Способ направленного биосинтеза лимонной кислоты

 

Использование: биотехнология, биосинтез лимонной кислоты. Сущность изобретения: способ заключается в выращивании на питательной среде, содержащей сахар, источники минерального питания, в условиях аэрации и перемешивания консорциума штаммов грибов Aspergillus niger и дрожжей Candida lipolytica, причем дрожжи засевают по достижении концентрации грибов 5-10 г/л, остаточного сахара 10-40% от исходного неинвертированного сахара, вносят биокатализатор N-трис-/гидроксиэтил/ аммониевую соль метилфенил сульфонилуксусной кислоты в количестве 10^-5-10^-7 г/л, при этом засевная концентрация дрожжей составляет 10-80% от текущей концентрации грибов. 2 табл.

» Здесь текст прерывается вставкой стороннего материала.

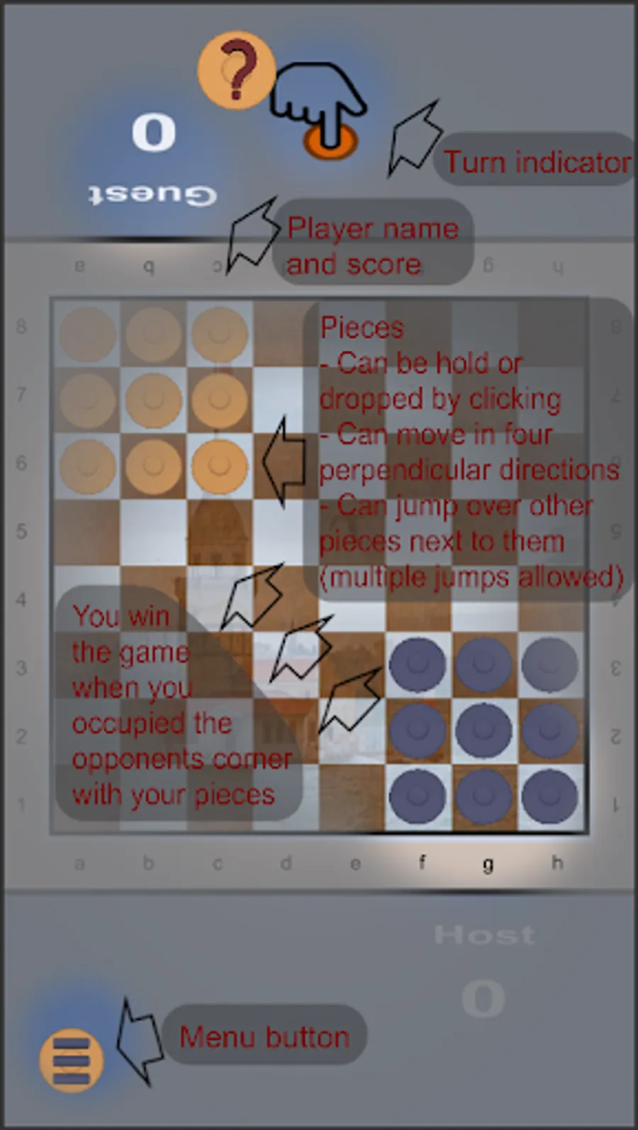 The aim is to collect your 9 coins on the corner of your opponents, namely on your opposite corner.
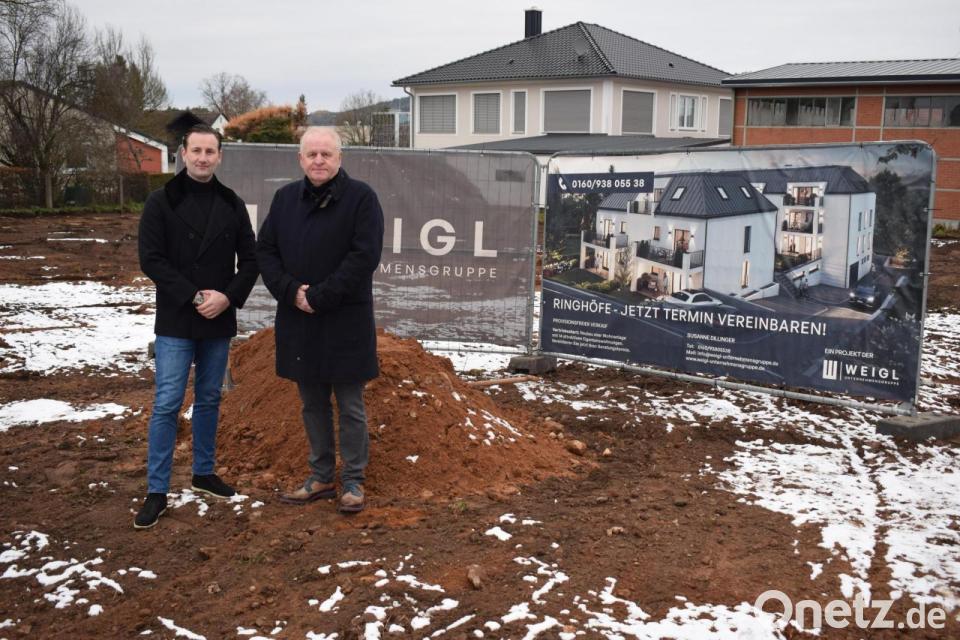 Zusammen mit dem Dritten Bürgermeister Dieter Rosenberg gab Investor Maximilian Weigl am Donnerstag den offiziellen Startschuss für zwei moderne Mehrfamilienhäuser mit insgesamt 14 Wohneinheiten und gemeinsamer Tiefgarage. Die Marktresonanz ist eindeutig: Sämtliche Wohneinheiten wurden bereits vor Baubeginn an einen institutionellen Käufer veräußert und werden künftig als Mietwohnungen zur Verfügung stehen. „Mit den Ringhöfen schaffen wir substanzielle, energieeffiziente Wohnräume und leisten einen konkreten Beitrag zur Entlastung des regionalen Wohnmarktes“, erläuterte Geschäftsführer Maximilian Weigl.
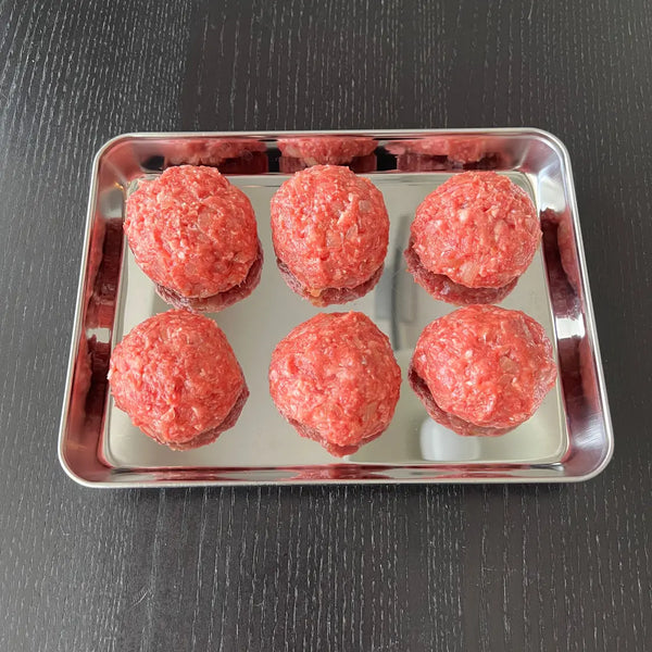 Divide the ground meat mixture into 6 portions and shape each one into a round ball, ensuring to remove any air inside. If the balls are too soft for the next step, place them in the fridge and chill for about 30-40 minutes to make handling easier.
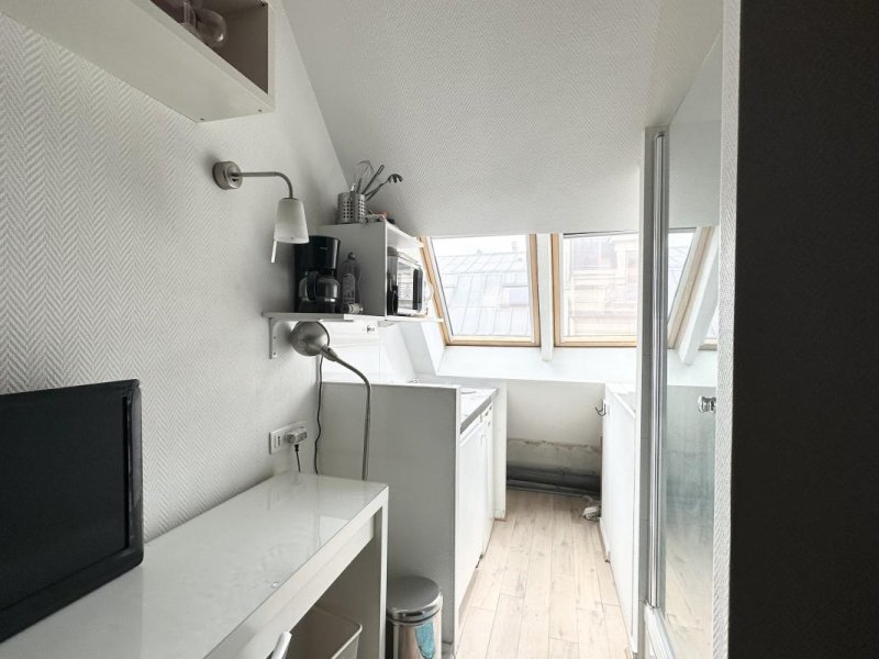 Paris 75008- Champs Elysées/George V - Au 5éme étage sans ascenseur d'un immeuble haussmannien, une chambre de service de 7.97m² Carrez et 10.68m² au sol, refait à neuf et vendu meublée.
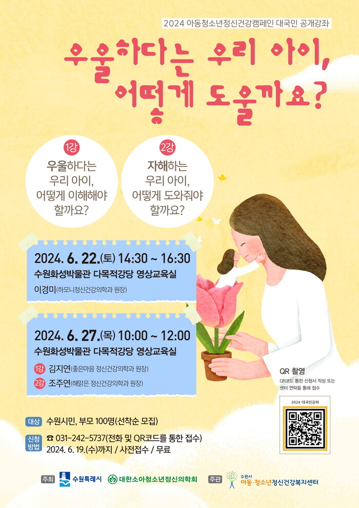 수원시(시장 이재준)는 6월 22일 오후 2시 30분, 27일 오전 10시 2회에 걸쳐 수원화성박물관 다목적강당에서 아동·청소년의 우울·자해를 주제로 2024 아동·청소년정신건강캠페인 대국민 공개강좌를 연다.

Изобретение относится к биотехнологии, а именно, к способам получения лимонной кислоты.

Лимонная кислота используется в фармацевтической, пищевой и кондитерской промышленностях, ее потребность возрастает.

Лимонную кислоту синтезируют микроорганизмы различных родов и видов, в основном, в промышленности культивируют грибы Aspergillus niger, потребляющие углеводсодержащие субстраты (Biotechnol. Lett, 1985, 7, N11) и дрожжи Candida lipolytica (заявка ФРГ 2002028, заявка Японии 55-1039), утилизирующие непищевые источники углерода, такие как углеводороды, спирты.

При этом основным недостатком способов выращивания грибов Aspergillus niger является то, что процесс синтеза лимонной кислоты длителен 5-7 суток. Использование же дрожжевых культур p. Candida ограничено сырьевой базой, так большинство штаммов дрожжей p. Candida не способны инвертировать сахар, потреблять пивную дробину, необработанное зерно и др. к тому же при потреблении углеводородов и этилового спирта дрожжи синтезируют смесь лимонной и изолимонных кислот, что вызывает дополнительные сложности при выделении лимонной кислоты, в связи с чем повышается ее себестоимость.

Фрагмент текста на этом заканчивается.